Тиль ездил повсюду и оповещал граждан о черных замыслах кровавого короля. Он добросовестно исполнял свои солдатские обязанности и научился метко стрелять из аркебузы, ко всему прислушивался и приглядывался. И повсюду не забывал отмачивать веселые шуточки:

— Желанная пора настанет, — говорил он, — когда во фландрских садах на яблонях, сливах и вишнях вместо яблок, слив и вишен на каждой ветке будет висеть по испанцу.

Король терпел во Фландрии неудачи. Весть о победах каждый день доходила до кровавого короля. Смерть уже глодала палача, внутри у него кишели черви. Жалкий, нелюдимый он бродил по переходам дворца, еле передвигая распухшие и точно свинцом налитые ноги. Жестокосердный тиран никогда не пел. Когда занималась заря, он не радовался. Когда солнце божественной улыбкой заливало его владения, он не ликовал.

Зато Тиль и Неле, хоть и могли в любую минуту поплатиться кто чем: Тиль – шкурой, а Неле – нежной совей кожей, хоть и жили они сегодняшним днем, а все же распевали как птички, и каждый погашенный Гёзами костер приносил им больше отрады, нежели извергу-королю пожар, истребивший весь город.

Когда рядом с Тилем не было Неле грустная дума о ней не мешала ему думать о том, что в какой-нибудь гостинице, его, быть может, ожидает надежное пристанище, сытный ужин и радушная хозяйка.

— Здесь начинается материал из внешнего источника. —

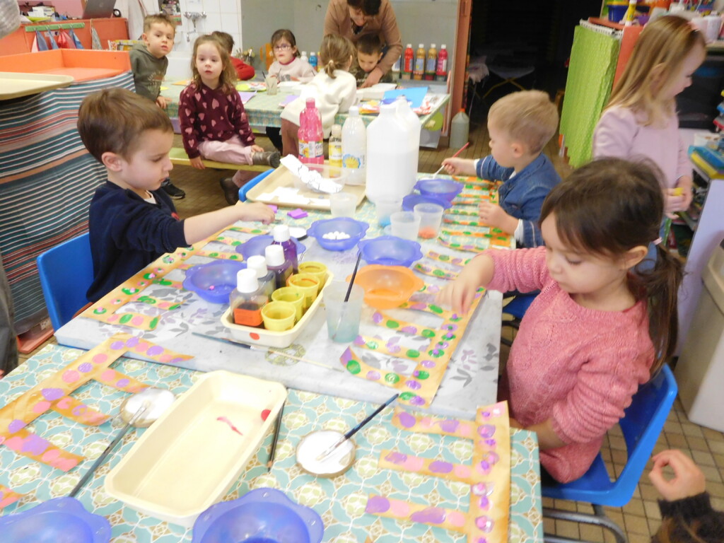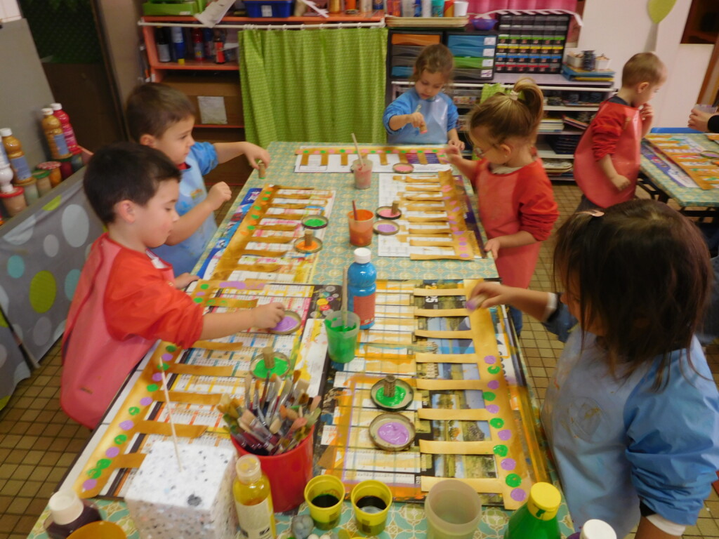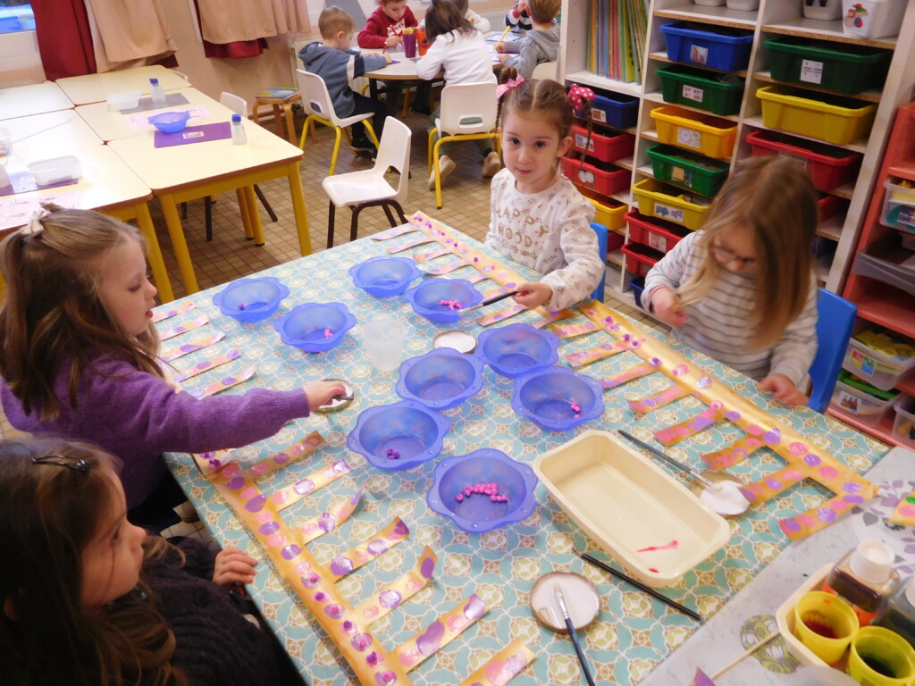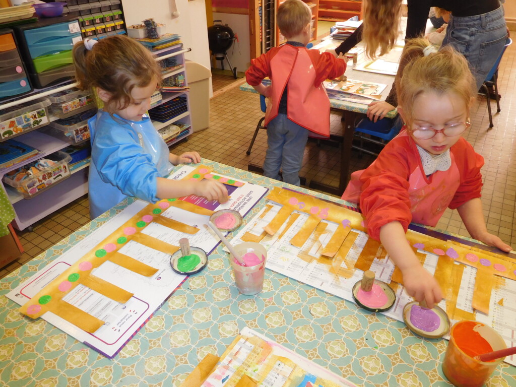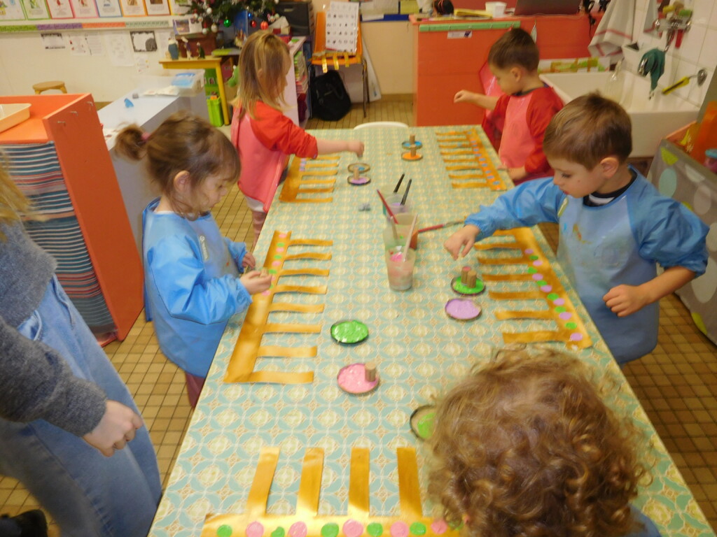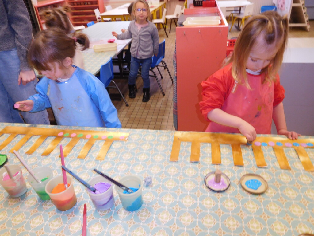 Alors nous avons peint des couronnes en papier au rouleau avec de la peinture dorée. Nous les avons agrémentées de points de algorithme faits avec des empreintes de bouchon dans de la peinture. Puis nous avons collé des “pierres précieuses” en papier crépon.
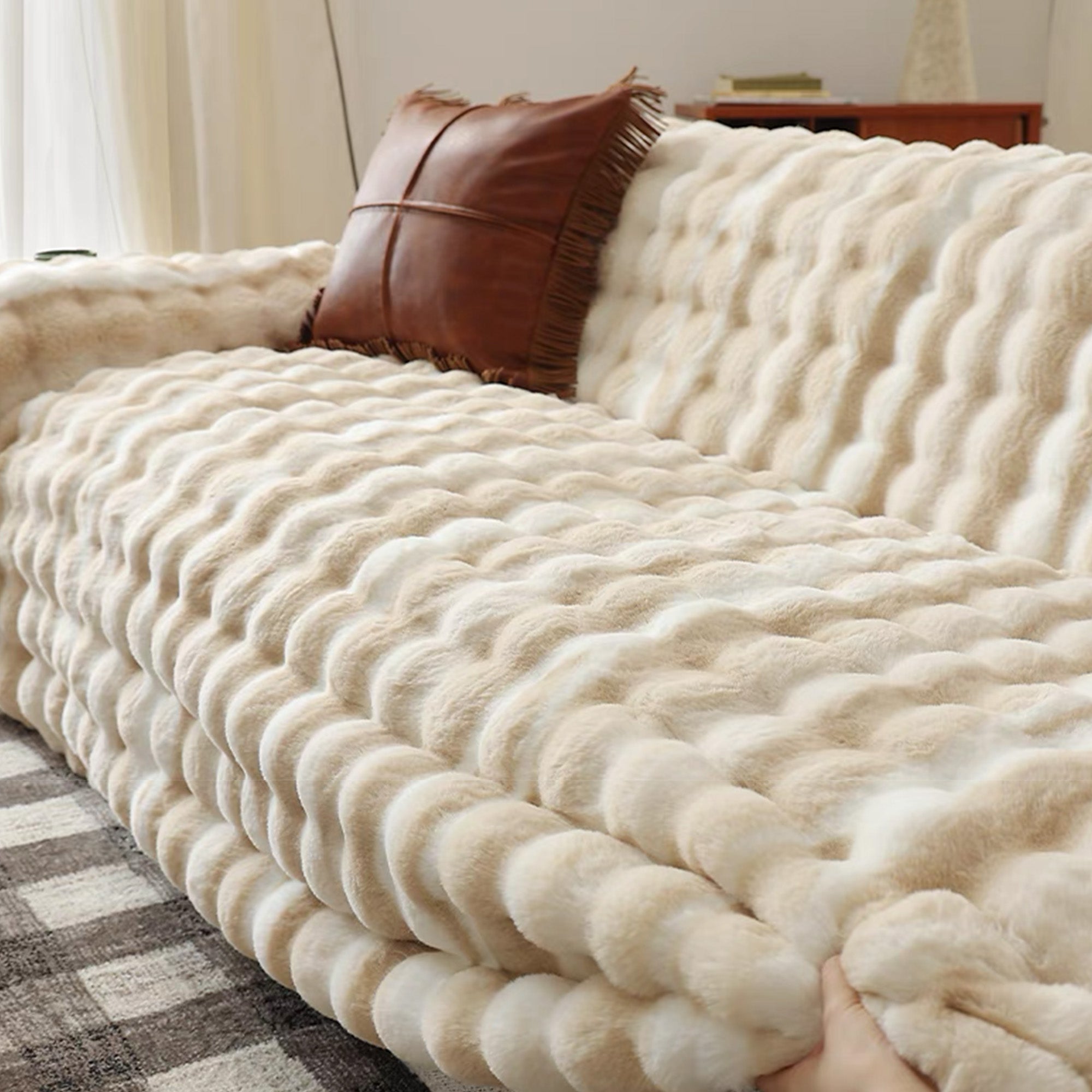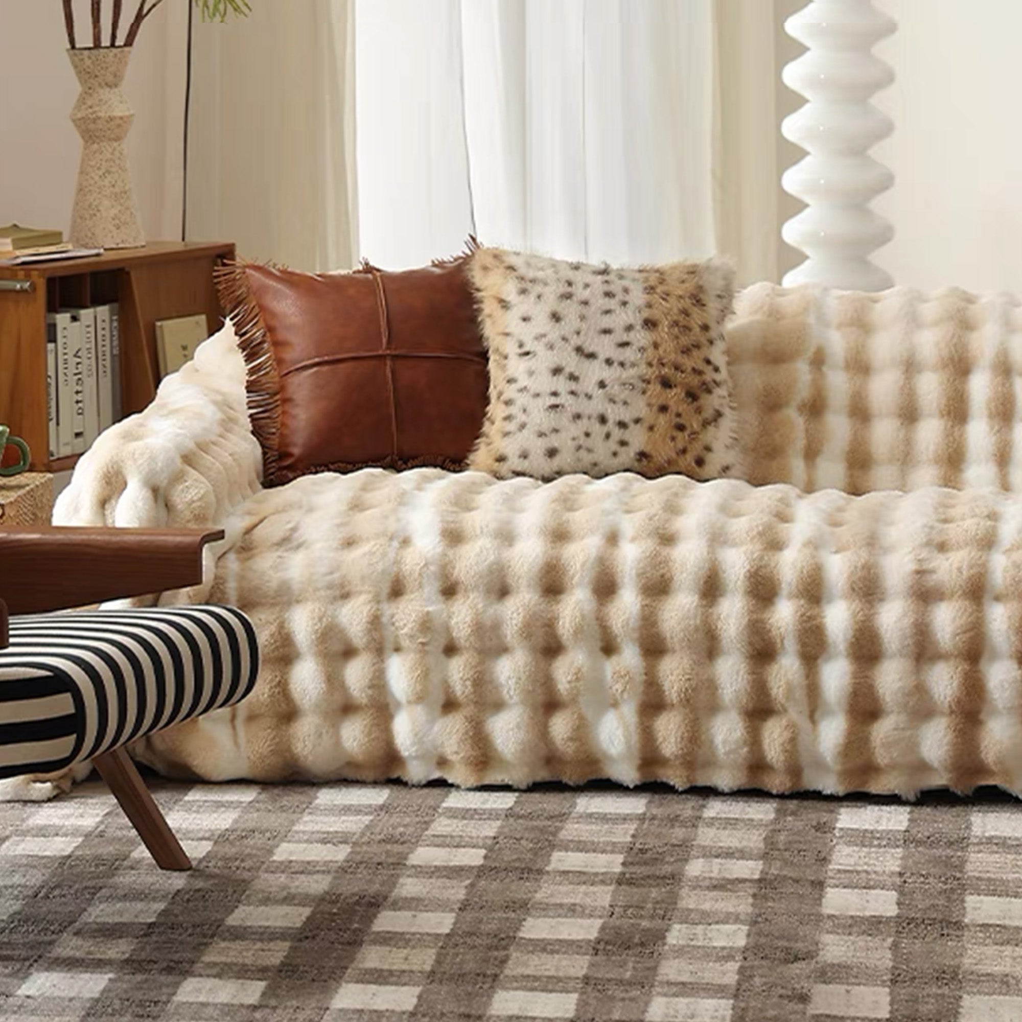 Ge ditt vardagsrum en touch av lyx med detta sofföverdrag i fuskpäls. Med sin mjuka, plyschiga textur och varma, naturliga toner lyfter överdraget inte bara stilen på din soffa utan ger också en mysig och inbjudande känsla. Det subtila schackrutmönstret ger djup och gör det till en fantastisk blickfångare i alla rum.
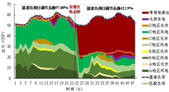 計(jì)及源-荷匹配的多區(qū)域多類型新能源 系統(tǒng)優(yōu)化規(guī)劃方法 史昭娣 朱寧 陳琦 摘要:合理利用新能源出力之間的互補(bǔ)性可平抑其出力波動(dòng)性,在新能源規(guī)劃中考慮互補(bǔ)性可令新能源規(guī)劃布局更為合理?;诖?,本文考慮新能源出力互補(bǔ)性,研究計(jì)及源-荷匹配的新能源優(yōu)化布局方法.利用新能源總出力與負(fù)荷的正相關(guān)特性,以保持新能源總出力與負(fù)荷的動(dòng)態(tài)平衡。首先,基于源-荷匹配思想,提出了描述新能源出力與負(fù)荷貼近程度和正相關(guān)程度的均衡度指標(biāo)以及一致性指標(biāo)。然后,建立了計(jì)及源-荷匹配的多區(qū)域新能源優(yōu)化規(guī)劃模型,并通過引入新能源出力與負(fù)荷匹配均衡度約束來保證兩者變化特性相一致。最后,以我國(guó)北方地區(qū)某區(qū)域電網(wǎng)為例進(jìn)行算例分析,研究結(jié)果表明,計(jì)及源-荷匹配的新能源優(yōu)化規(guī)劃可以綜合考慮新能源消納率和滲透率,為考慮新能源出力互補(bǔ)性的新能源規(guī)劃布局提供解決方案。 關(guān)鍵詞:新能源;互補(bǔ)性;電源規(guī)劃;源荷匹配;光熱電站;容量配置 一、引言 隨著能源轉(zhuǎn)型進(jìn)程加快,我國(guó)大力發(fā)展風(fēng)電[1]、光伏[2]等新能源發(fā)電技術(shù),未來電力系統(tǒng)將朝著大規(guī)模、高比例新能源電力系統(tǒng)方向發(fā)展[3]。新能源出力自身之間具有互補(bǔ)性,利用新能源總出力與系統(tǒng)總負(fù)荷之間的匹配效應(yīng)可以凸顯新能源出力間的互補(bǔ)效果,平抑新能源出力波動(dòng)性,減小常規(guī)機(jī)組調(diào)峰壓力[4]。 風(fēng)電、光伏的出力功率波動(dòng)性強(qiáng)[5-6],大規(guī)模接入后會(huì)對(duì)系統(tǒng)造成沖擊,對(duì)電網(wǎng)調(diào)峰帶來挑戰(zhàn)[7-8]。實(shí)際上,風(fēng)電和光伏出力具有互補(bǔ)特性[9],其主要表現(xiàn)在兩方面:一是新能源資源的廣域平滑效應(yīng)。二是風(fēng)光出力具有時(shí)間上的互補(bǔ)性。 充分挖掘新能源出力互補(bǔ)特性是開展新能源協(xié)調(diào)規(guī)劃的重要基礎(chǔ)。已有學(xué)者對(duì)此進(jìn)行研究,如文獻(xiàn)[10]分析了各類能源的互補(bǔ)效應(yīng),討論了配置不同容量電源的經(jīng)濟(jì)性和可行性。文獻(xiàn)[11]分析了風(fēng)、光、水資源之間的互補(bǔ)特性,提出了一種包含風(fēng)、光、水、儲(chǔ)的互補(bǔ)性微電網(wǎng)容量?jī)?yōu)化配置方法。文獻(xiàn)[12]研究了新能源出力互補(bǔ)優(yōu)化方法,定量計(jì)算了各類資源容量。上述文獻(xiàn)關(guān)于系統(tǒng)電源出力互補(bǔ)性進(jìn)行了研究,但對(duì)于新能源出力互補(bǔ)性的分析多是與常規(guī)電源一起考慮,未有研究?jī)H考慮新能源出力自身互補(bǔ)性。 研究新能源出力自身互補(bǔ)特征,通常需要提出互補(bǔ)性評(píng)價(jià)指標(biāo)[13]。如文獻(xiàn)[14]采用新能源總出力的標(biāo)準(zhǔn)差作為評(píng)價(jià)指標(biāo)來刻畫新能源出力互補(bǔ)性。文獻(xiàn)[15]定義了由時(shí)間互補(bǔ)、能量互補(bǔ)和振幅互補(bǔ)組成的可再生能源互補(bǔ)性指標(biāo)。文獻(xiàn)[16]采用互補(bǔ)系數(shù)等指標(biāo)描述多能互補(bǔ)系統(tǒng)中電源出力的互補(bǔ)性。以上關(guān)于新能源互補(bǔ)性的研究多注重新能源出力之間的負(fù)相關(guān)性,即假定新能源場(chǎng)站的總出力恒定不變,則認(rèn)為新能源互補(bǔ)效果最好。 由于負(fù)荷具有波動(dòng)性,上述基于負(fù)相關(guān)性的研究中,負(fù)荷波動(dòng)部分會(huì)由常規(guī)可控電源負(fù)擔(dān)。但如果新能源總出力與負(fù)荷波動(dòng)規(guī)律保持一致,即新能源出力與負(fù)荷之間存在匹配效應(yīng),那么新能源發(fā)電就可承擔(dān)一部分變化的負(fù)荷,火電機(jī)組更多承擔(dān)基荷并運(yùn)行在較低的水平,從而大幅降低新能源接入系統(tǒng)帶來的常規(guī)電源調(diào)峰壓力。因此,從提高新能源消納方面看,新能源出力與負(fù)荷之間的匹配(源-荷匹配)關(guān)系才更可凸顯新能源互補(bǔ)的效果[17],此時(shí)互補(bǔ)性表現(xiàn)為新能源總出力與負(fù)荷呈正相關(guān)性。 針對(duì)源-荷匹配效果的描述,已有學(xué)者進(jìn)行了研究。如文獻(xiàn)[18]定義了負(fù)荷追蹤度指標(biāo)用以評(píng)價(jià)不同電源互補(bǔ)效果。文獻(xiàn)[19]采用負(fù)荷追蹤系數(shù)描述系統(tǒng)出力跟隨負(fù)荷變化的能力,并用其量化多能互補(bǔ)系統(tǒng)總發(fā)電量與負(fù)荷的匹配程度。文獻(xiàn)[20]以新能源出力與負(fù)荷之差的平方和最小為目標(biāo),提出了新能源出力追蹤控制算法。上述利用負(fù)荷追蹤能力來描述系統(tǒng)源-荷匹配效果的評(píng)價(jià)方法主要是用于新能源電力系統(tǒng)優(yōu)化調(diào)度中,本文借鑒這種方法,將其應(yīng)用于新能源電源優(yōu)化規(guī)劃中,可在規(guī)劃階段充分計(jì)及多類型新能源出力間的互補(bǔ)特性。 基于以上分析,本文針對(duì)計(jì)及源-荷匹配的廣域多區(qū)域新能源電源優(yōu)化布局問題進(jìn)行研究。首先,為了量化新能源出力與負(fù)荷之間有功功率的匹配能力,從均衡度和一致性兩方面評(píng)價(jià)源-荷匹配特性。其次,基于源-荷匹配
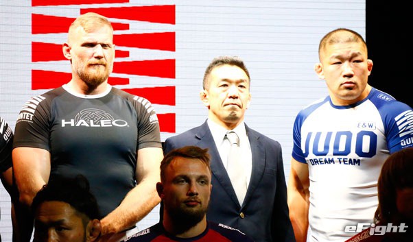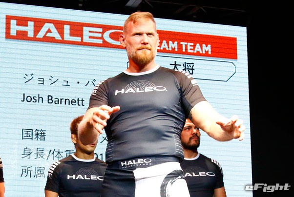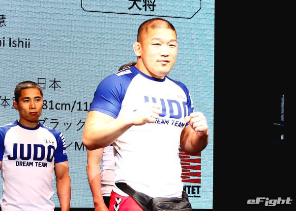 石井(右)との大将戦での対決を望んだジョシュ(左)。中央は中井祐樹・審判委員長

Тиль ни на что не жаловался. Говорил:

— Нас поливает дождем, но этот декабрьский дождь обернется клевером в мае. И коровы замычат от радости. Я бесприютный – а кто мне мешает жениться? Я разумею себя и маленькую Неле, такую хорошую, такую пригожую, — она бы мне теперь говядинки с бобами приготовила. Я страдаю от жажды, хотя на меня льется вода, а почему я не сижу дома и не учусь чему-нибудь одному? Кто в мастера вышел, тому не надо шататься по свету.

Его спрашивали:

— Отчего это ты, паренек, такой молодой? Ведь говорят, много лет прошло с тех пор, как ты родился.

— У меня нет тела, у меня есть только дух, — отвечал он, — а моя подруга Неле похожа на меня. Мы – Дух Фландрии, Любовь Фландрии – мы никогда не умрем.

Утреннее солнце застало их лежащими друг подле друга на брачном ложе. И головка Неле покоилась на плече Тиля. Он сказал:

— Свежее мое личико, доброе мое сердечко! Мы отомстим за Фландрию!

Она поцеловала его в губы.

— Удалая ты моя голова! Господи, благослови союз свирели и шпаги!»